На пороге темного будущего
Оценки отношений российской власти с перспективой противоречивы и парадоксальны. Стало почти штампом: новая идеология целиком обращена в историю и лишена внятного проекта. Идеологизация политики сопровождается резкой историзацией идеологии – разворотом от умеренно светлого будущего к неумеренно славному прошлому. Это, в частности, отмечает доклад «Какое прошлое нужно будущему России» (Вольное историческое общество при поддержке Комитета гражданских инициатив).
Однако не лишены оснований и рассуждения о том, что, судя по многозначительным намекам, эта власть, наоборот, погружена в доморощенную футурологию и освоение «новой глобальной ситуации». Послевоенная архитектура мира якобы рушится, в повестке формирование новой конфигурации в мировом лидерстве, в связи с чем наше руководство тихо млеет в ожидании второго издания ялтинской конференции, когда Путин в креслах будет фотографироваться с лидерами США и Китая, как когда-то Сталин с Рузвельтом и Черчиллем. Этот портрет исторического трио не зря вновь поднимают как знак триумфа; уже и породистых собак называют именем великого британского премьера.
Такого рода картинки с выставки будущего решают свою локальную задачу. То, что у нас с оговорками называют «элитой», должно знать, что у начальства есть план – пусть не во всем эксплицированный, но масштабный и амбициозный, поднимающий «с колен» на недосягаемые высоты. А потому забудьте об альтернативе: даже когда вам кажется, что Акелла опять промахнулся, он на самом деле не мажет, а совершает хитроумные маневры, понимать которые вам не по рангу и не по допуску.
Казалось бы, все и в самом деле на грани; уже и сам Франк-Вальтер Штайнмайер заявил: «С избранием Дональда Трампа окончательно завершился прежний мир XX в.». Однако здесь есть три проблемы: с пространством, временем и смыслом.

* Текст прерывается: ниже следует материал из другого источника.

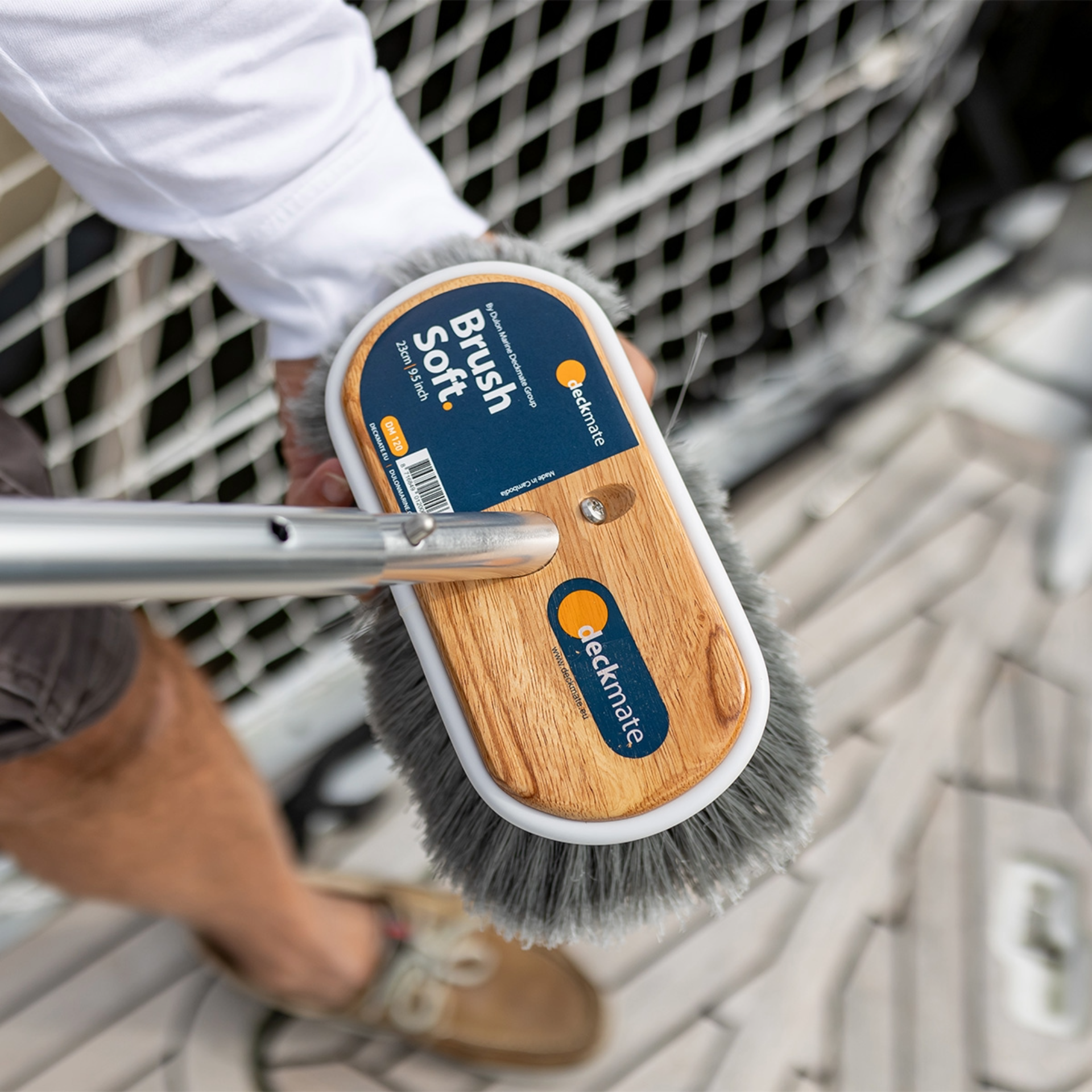 The Deckmate All-Round Brush is the most commonly used brush in the Deckmate range, designed for reliable, everyday cleaning of all boat surfaces. Made from a varnished hardwood block with angled bristles for hard-to-reach areas, it ensures effortless handling and efficiency. The 75 mm soft grey PVC bristles are split at the ends to enhance water absorption, while a protective white bumper safeguards surfaces from scratches or streaks.

Гипотетический состав «новой Ялты» – Россия, США, Китай – отобран не только по геостратегическим расчетам. Здесь полностью отсутствуют идеологии, ценности и принципы, но главенствует холодный, циничный торг «авторитетов», делящих «поляну» по «понятиям». Поэтому собраны три «цивилизации», каждая из которых как бы самодостаточна и может претендовать на невмешательство во внутреннюю политику с правами человека и прочими либеральными рюшами. Если же в этой сборке к Америке добавляется Европа, сразу же вновь маячит Запад со своими «ценностями» и «принципами», под которыми мы, кстати, сами же не раз подписывались, но которыми все более пренебрегаем и тяготимся.

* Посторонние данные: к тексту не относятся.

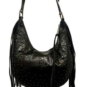 Michael Kors Rhea Crystal Black MD Slouchy Hobo Shoulder Patent Python Bag
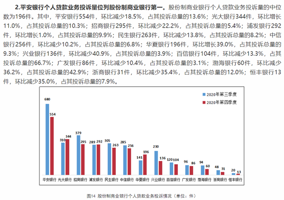根據(jù)中國銀保監(jiān)會消費(fèi)者權(quán)益保護(hù)局關(guān)于銀行業(yè)消費(fèi)投訴情況的通報(bào),平安銀行的理財(cái)類業(yè)務(wù)投訴量在2020年第二季至第四季度均居股份制商業(yè)銀行首位,數(shù)量分別是470件、680件和554件。
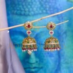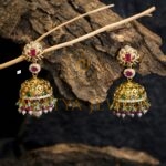 Crafted in 916 (22kt) gold, these earrings are embellished with CZ, ruby (RU), emerald (EM), pearls (Prl), and beads.
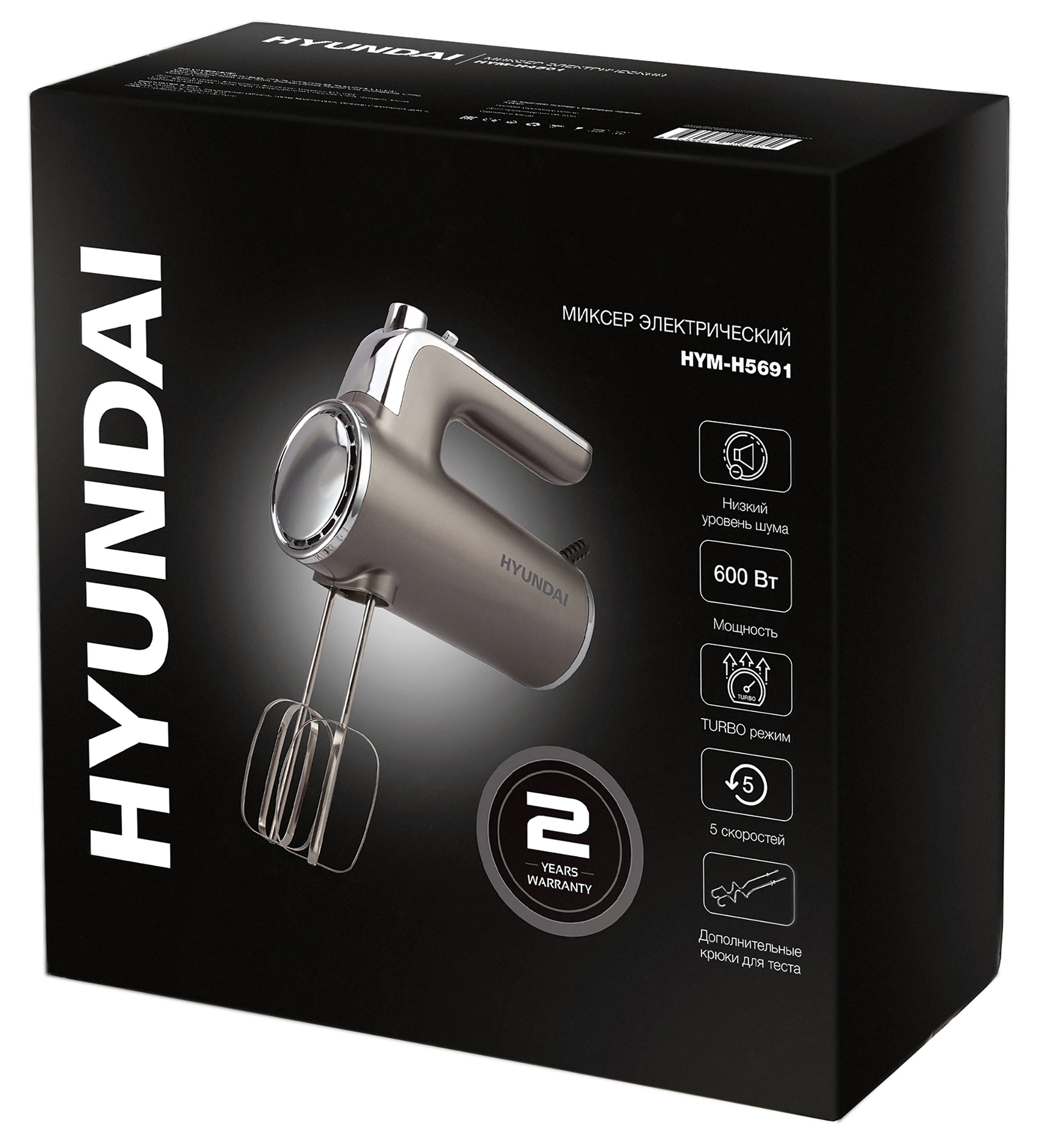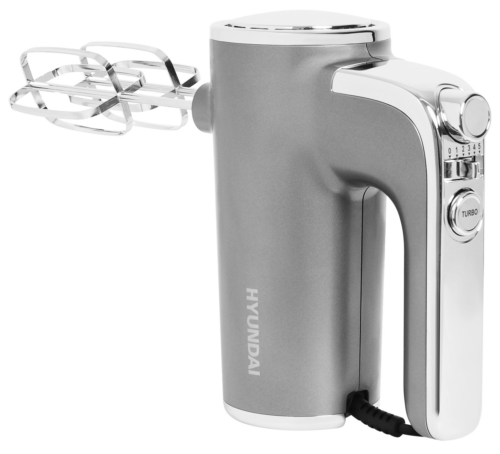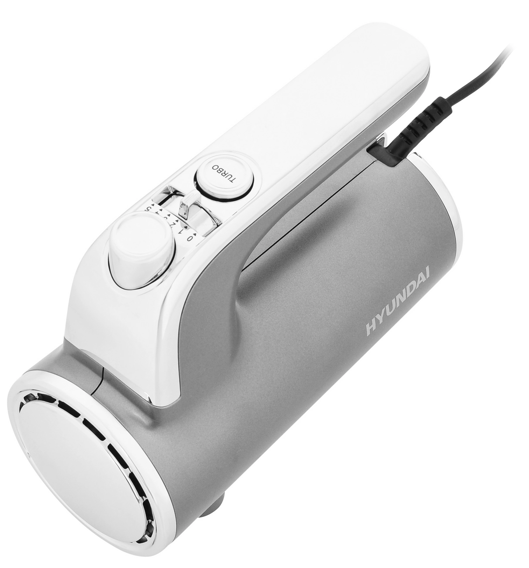 Миксер Hyundai HYM-H5691 отличается современным и стильным дизайном. Корпус состоит из основной части, имеющей форму цилиндра, и ручки, за которую очень удобно держать прибор в руках. Покрытие гладкое, легко протирается, на нем не остается следов. Дизайн выполнен в серебристом цвете, который выгодно подчеркивает стилистическое решение. С помощью этого устройства можно легко и быстро приготовить тесто, омлет, крем, соус или коктейль. Для каждой задачи рекомендован свой режим. Его можно выбрать при помощи механического переключателя. Режим турбо на короткое время добавит мощность при любой скорости. Всего их пять. Насадки очень легко устанавливаются. При этом их достаточно поставить на штатное место и слегка нажать. Чтобы вынуть венчики, необходимо воспользоваться специальной кнопкой, которая обеспечивает отщелкивание. Такая функция доступна только в нулевом положении. Во всех остальных случаях кнопка заблокирована. Это удобно для обеспечения безопасности при эксплуатации.

Эти расчеты строятся на технологии «предъяв», «наездов» и «стрелок», на логике силы, но не столько реальной, сколько деморализующей контрагента. Это политика спецопераций, подкрепляющих позиции в торге, не более. Тактика разборок авторитетов, даже не бизнесменов, мобилизует братву, а уже потом капиталы – если получится. Поэтому здесь задвинуты технологии и интеллектуальный потенциал, культура и сама экономика. Но если все же принять во внимание эти стандартные и обязательные составляющие «веса» страны в мире, то окажется, что Европа при всех шансах дезинтеграции, проблемах с эмигрантами и проч. еще долго сможет давать фору конкурентам с претензиями, но с голыми тылами, без производства, с пустыми головами и карманами.

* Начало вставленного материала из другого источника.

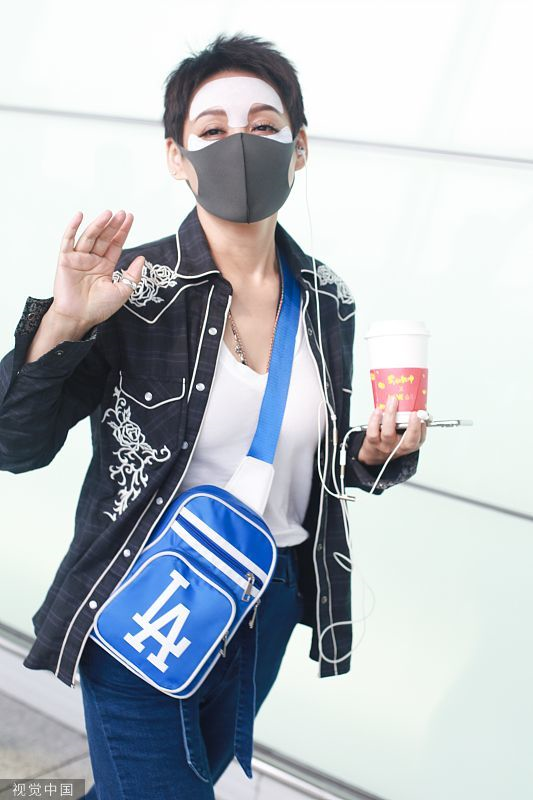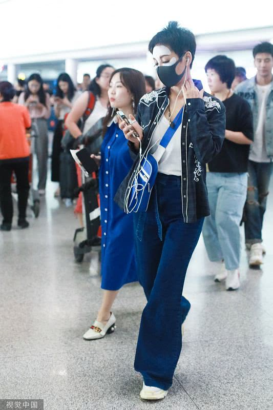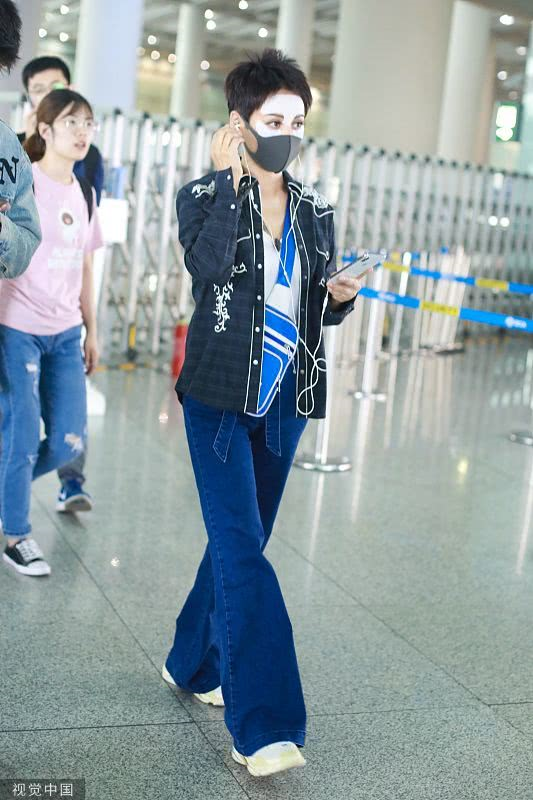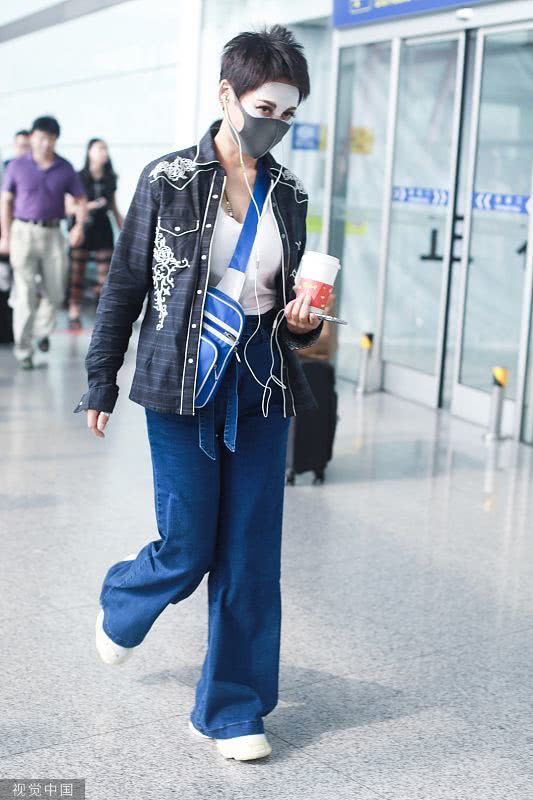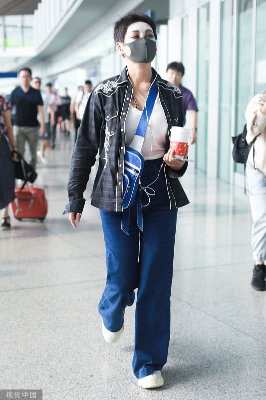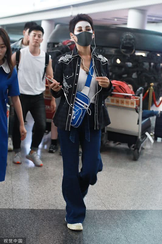2019年6月19日,北京,寧靜現(xiàn)身機(jī)場。她穿敷面膜亮相短發(fā)干練個(gè)性灑脫,戴口罩對(duì)鏡揮手大方任拍。

Это «долго» выводит на проблему времени. Что бы ни намечалось в осложнении позиций ЕС и их альянса с США, процесс в любом случае будет не обвальный. Сможет ли Россия дождаться «конца Европы» и евроатлантизма на одном стратегическом терпении, при таких тощих резервах и ресурсах для маневра?
Но и это вопрос не первостепенный. Важнее, что в утопическом визионерстве страна безнадежно откладывает модернизацию, хотя критический запас времени исчерпан. Хуже того, страна не буксует, а именно деградирует, закрепляя плохие институты и одиозные практики. Пока мы «стратегически терпим», самоутешаясь теорией будущего заговора, который мы якобы сами же и составим и в который всех, кого захотим, втянем, наши конкуренты продолжают идти вперед, в том числе подрывая последние устои «энергетической державы». Это уже не просто тупик, а то самое место, в котором Россия, по выражению одного из членов того же КГИ, уже «обустраивается».
Вожделенную имперскую перспективу рушит противоречие между реальным интересом и геополитическим понтом – банальное «зачем»? Классические империи качали ресурсы из колоний в метрополии, щедро спонсируя «бремя белого человека». Идеологические империи типа СССР, наоборот, содержали мировую бедноту во имя Идеи, чураясь потребительства в массах и демонстративной роскоши в элитах. Если низы не могут жить богато, то и верхи якобы не хотят.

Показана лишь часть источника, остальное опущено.